I think you missed the part where it says "if the value of the right operand is negative or is greater or equal to the number of bits in the promoted left operand, the behavior is undefined".

I think the description still applies. Were you thinking of mentioning the specific error message? "C2100: illegal indirection" doesn't seem to give any more information than is already in the description.

I was referring to the following.

Quote:

First, MSVC does not like when std::array is initialized with only single braces [ ... ]

MSVC does not like when std::array is initialized from a braced init list contained within a parenthesized expression list.

tlively edited the summary of this revision. (Show Details)Oct 9 2020, 2:38 PM
tlively updated this revision to Diff 297362.Oct 9 2020, 4:34 PM
tlively edited the summary of this revision. (Show Details)
  • Address review comments
tlively added inline comments.Oct 9 2020, 5:37 PM
llvm/lib/Target/WebAssembly/WebAssemblyISelLowering.cpp
1600

Ugh, yep. Thank you! Switched to using maskTrailingOnes.

Thanks. This matches what I tested with a big endian host system. I'm not sure if @dweber agrees that their comments have been addressed though.

Thanks. This matches what I tested with a big endian host system. I'm not sure if @dweber agrees that their comments have been addressed though.

I'm pretty okay with this change. It took me a minute to wrap my head around because it wasn't immediately obvious how it was placing the integers inside the 64s, but overall it's fine. The only thing I think is missing is a safety check on the bitwise or operation inside the loop. Before it implicitly extracted the least significant bits by byte size meaning there was no room for a value to exceed range (e.g. bits set above the shift before the or). I spoke with @tlively offline about this, and he said he would add an assertion to make sure the value is in range. With that change, this has my blessing.

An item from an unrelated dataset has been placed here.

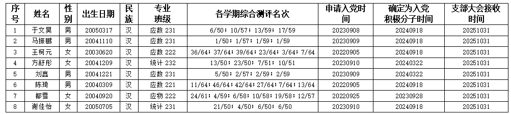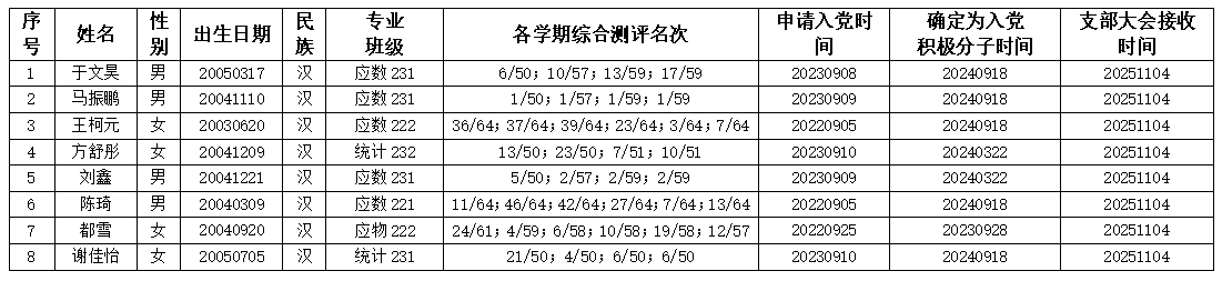 根据《中国共产党章程》和《中国共产党发展党员工作细则》及学校党委《关于发展学生党员工作的意见》(青科大党字〔2014〕77号)文件要求,经数理学院本科生党支部研究,支部大会讨论并投票表决,拟接收于文昊等8名同志为中共预备党员,现将其有关情况予以公示,如有异议请于公示期内反映。

tlively updated this revision to Diff 297752.Oct 12 2020, 8:49 PM
  • Add masking of lane value and new tests

@dweber, you were totally right that this needed to be masked. In particular, when the lane contains a negative number, getZExtValue returns a very large 64-bit constant that needs to be truncated. Thanks for pressing me on that!

  • Add masking of lane value and new tests

@dweber, you were totally right that this needed to be masked. In particular, when the lane contains a negative number, getZExtValue returns a very large 64-bit constant that needs to be truncated. Thanks for pressing me on that!

Yeah... I had an eerie feeling something like that could happen -- I just couldn't put my finger on it. Really. Thanks go to you for taking care of this.

Do you know if it would still be the case if you were using getLimitedValue instead of getZExtValue? I want to say yes, but I'm not entirely sure how these two work.

Do you know if it would still be the case if you were using getLimitedValue instead of getZExtValue? I want to say yes, but I'm not entirely sure how these two work.

Yes, getLimitedValue bottoms out with this line of code: return ugt(Limit) ? Limit : getZExtValue(); so they are identical in this situation.

Do you know if it would still be the case if you were using getLimitedValue instead of getZExtValue? I want to say yes, but I'm not entirely sure how these two work.

Yes, getLimitedValue bottoms out with this line of code: return ugt(Limit) ? Limit : getZExtValue(); so they are identical in this situation.

That answers all of my questions... now to figure out where I press the checkbox to approve.

dweber accepted this revision.Oct 12 2020, 9:33 PM
This revision is now accepted and ready to land.Oct 12 2020, 9:33 PM
This revision was landed with ongoing or failed builds.Oct 12 2020, 9:37 PM
This revision was automatically updated to reflect the committed changes.